We can then compute these submatrices in parallel

In [59]:

map_trees = [trees]*ntasks
amr = view.map_async(compare_trees, map_trees, range(ntasks)[::-1], ordered=False)

And compute the final distance matrix by perorming a sum (via builtin reduce())

this will take the most time

In [60]:

def _print_progress(ar):
    N = len(ar.msg_ids)
    rc = ar._client
    submitted = rc.metadata[ar.msg_ids[0]]['submitted']
    progress = sum([ msg_id not in rc.outstanding for msg_id in ar.msg_ids ])
    dt = (datetime.now()-submitted).total_seconds()
    clear_output()
    print "%4i/%3i tasks finished after %4i s" % (progress, N, dt),
    sys.stdout.flush()
    
def progress_sum(a,b):
    c = a+b
    _print_progress(amr)
    return c

dist_mat = reduce(progress_sum, amr, 0)
dist_mat.tofile('/home/ubuntu/data/dist_mat_fast.np')
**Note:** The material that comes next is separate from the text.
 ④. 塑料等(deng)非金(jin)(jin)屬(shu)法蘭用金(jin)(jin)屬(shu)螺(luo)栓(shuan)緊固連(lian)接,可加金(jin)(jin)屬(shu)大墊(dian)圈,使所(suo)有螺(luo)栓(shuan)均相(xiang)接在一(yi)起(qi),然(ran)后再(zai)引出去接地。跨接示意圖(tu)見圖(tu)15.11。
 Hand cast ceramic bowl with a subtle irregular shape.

   32/ 32 tasks finished after  174 s

Now we can peek at the distance matrix, to see if there is anything interesting.

In [61]:

# Uncomment here to load dist_mat from cache, to regenerate plots
# import numpy
# dist_mat = numpy.fromfile('/home/ubuntu/data/dist_mat.np').reshape(ntasks,ntasks)

In [62]:

pcolor(dist_mat)
xlim(0,ntasks)
ylim(0,ntasks)
colorbar()

Out[62]:

<matplotlib.colorbar.Colorbar instance at 0x7fd8b47161b8>

Write QIIME's distance matrix format

In [63]:

from qiime.format import format_distance_matrix

open('/home/ubuntu/data/distance_matrix_fast.txt','w').write(format_distance_matrix(labels,dist_mat))
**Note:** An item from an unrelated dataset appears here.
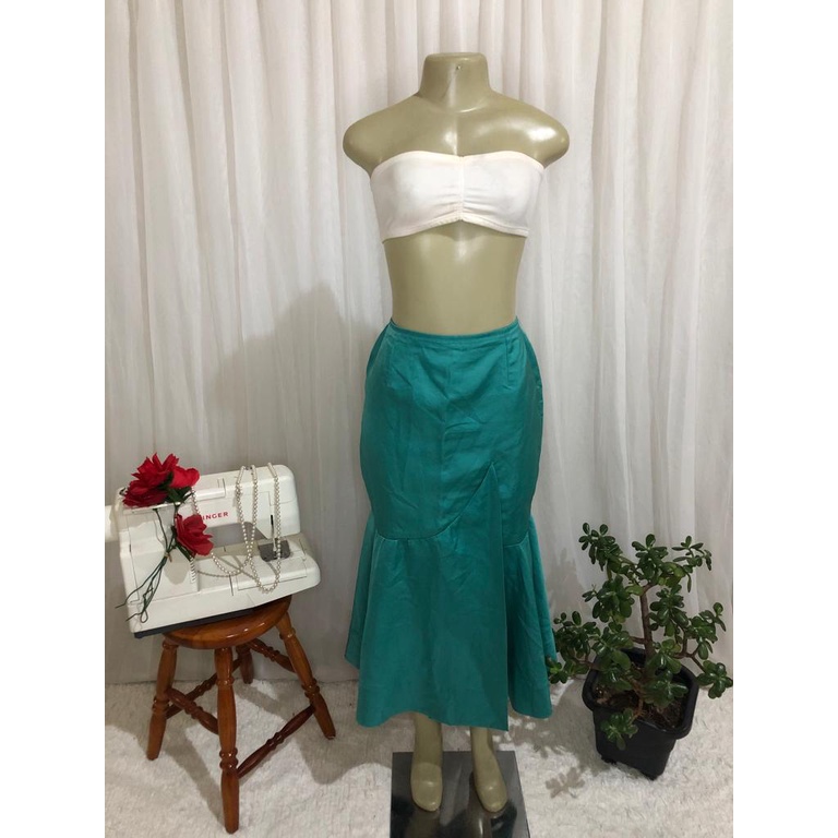 Saia clearance babado gode, Saia Midi Sereia Babado God De Cetim Verde Esmeralda Tamanho P clearance

Step 5. Compute PCoA: QIIME/PyCogent¶

In [64]:

!principal_coordinates.py -i /home/ubuntu/data/distance_matrix_fast.txt -o /home/ubuntu/data/pc_fast.txt

Step 6. Display PCoA: QIIME¶

This generates an HTML file and java visualization for the data. To do this we need one additional file: tree_metadata.txt. You can view this file directly here.

In [65]:

!wget http://qiime.org/home_static/nih-cloud-apr2012/tree_metadata.txt

--2012-08-06 22:20:12--  http://qiime.org/home_static/nih-cloud-apr2012/tree_metadata.txt
Resolving qiime.org... 216.34.181.97
Connecting to qiime.org|216.34.181.97|:80... connected.
HTTP request sent, awaiting response... 200 OK
Length: 9313 (9.1K) [text/plain]
Saving to: `tree_metadata.txt'

100%[======================================>] 9,313       --.-K/s   in 0.02s   

2012-08-06 22:20:13 (393 KB/s) - `tree_metadata.txt' saved [9313/9313]

We can then generate 3D PCoA plots.

In [69]:

!make_3d_plots.py -i /home/ubuntu/data/pc_fast.txt -o /home/ubuntu/data/pcoa_plots/ -m /home/ubuntu/tree_metadata.txt

And the notebook simply serves these files up in /files, so we can visit the visualization directly

NOTE: The above link is not static: to view the plot, you must run the notebook.